You wouldn't think it to look at our skyrocketing global population, but many parts of the world are experiencing serious falls in fertility. A country's fertility rate is the average number of children born to a woman over her lifetime. In most developed countries, it needs to be 2.1 or higher if the number of newborns is to compensate for citizens who die. In developing countries, where death is a more frequent visitor, this replacement threshold is even higher.
The problem is that declining fertility is intimately linked with a country's economic and social development. As a result, more than half of the world lives in areas where fertility rates have fallen below this crucial threshold. It's the same situation in the UK, Australia, Japan, China, Brazil, Russia, Canada and more. Some believe that these processes are irreversible, with increasing prosperity inevitably leading to diminished emphasis on childbirth.
But Mikko Myrskyla from the University of Pennsylvania thinks differently. He has found that the most developed countries have actually reversed their falling fertility rates, possibly by improving gender equality and making it easier for women to raise families while enjoying successful careers. The result is a graph that looks like a reverse tick, with a small upturn in fertility rate that only becomes evident when looking at data from the dawn of the 21^st century. At the most advanced stages of development, it seems that babies make a comeback.
Now for those of you jubilantly punching the air at the prospect of fewer people, a bustle-free life and a less taxed environment, it's worth considering why fewer births is a problem in the short term. Falling fertility rates mean ageing populations. That means that the country will be served a shrinking workforce, while having to pay greater healthcare costs due to rising levels of chronic disease and disability.
If fertility rates fall too low, as is the case in Russia and Japan, the population will actually start to shrink, again with important social and economic consequences. Immigration can help to offset that loss, but as countries like the US and the UK demonstrate, immigration brings social strife of its own.
So in the long term, fewer people might be a good thing, but in the immediate future, it means big challenges. In that context, Myrskyla's data provide a silver lining in an otherwise gloomy picture. He compared the fertility rates of 107 countries in 1975 with their scores on the Human Development Index - a measure of the level of development that takes into account life expectancy, literacy, education and standards of living. He did the same for 140 countries in 2005.
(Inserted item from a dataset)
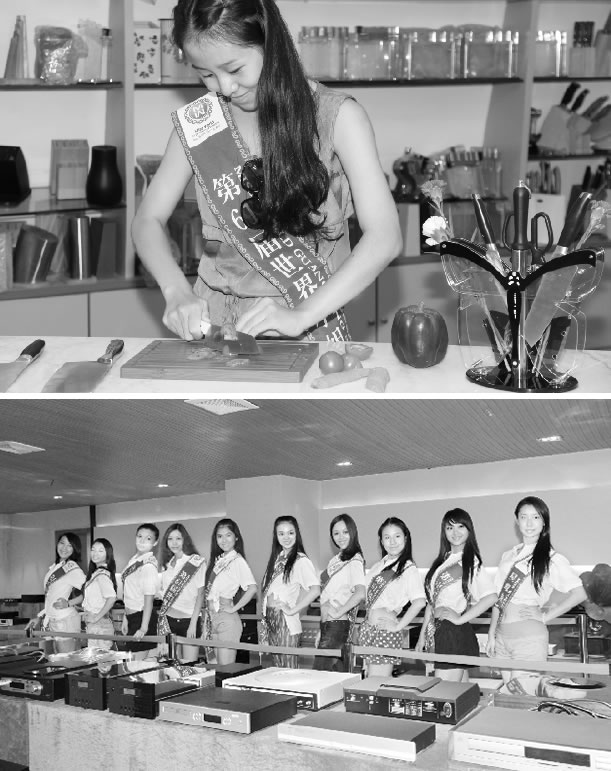 2011年8月1日,陽江十八子迎來了第61屆世界小姐,30多位佳麗在主辦方的安排下攜記者團蒞臨我集團。在工作人員的解說下,她們領略了中國刀具的五次技術革命,了解了十八子的企業文化及科技創新情況,對十八子刀具感到非常好奇,提出要親身體驗一下十八子刀具的要求,有的佳麗已按捺不住躍躍欲試的心情,紛紛在操作臺上大顯身手,比拼“刀功”。

In both years, Myrskyla found that the greater a country's HDI score, the lower its fertility rates, but only up to a point. At scores of 0.9 or over (and the range goes from 0 to 1), the trend reverses so that women from the most developed countries have , on average, more babies. This trend only became obvious by looking at the more recent set of data for in 1975, no country had reached the stage of development where fertility rates pick up again. Then, the top score was 0.887, while Australia is currently in the lead with 0.966.
The upturn is small but significant. If a country's HDI score is between 0.9 and 0.92 (as is the case for South Korea or Germany), the average fertility rate is low enough at 1.24 for the population to halve in size every 40-45 years. However, countries with the highest scores (including Australia and Scandinavia) have an average fertility rate of 1.89 - not quite the replacement level, but close enough that small levels of migration can sustain the same population.
Myrskyla saw the same trend when he focused on individual countries over the last 30 years. There were a few exceptions but in general, as countries became more developed, babies came back into fashion. In the US, falling fertility reversed in 1976 at an HDI score of 0.881. In Norway, it happened in 1983, at a score of 0.892. Myrskyla reckons that the critical point is around 0.86 - beyond this stage of development, an extra 0.25 points on the HDI score translates to roughly one extra baby for every woman.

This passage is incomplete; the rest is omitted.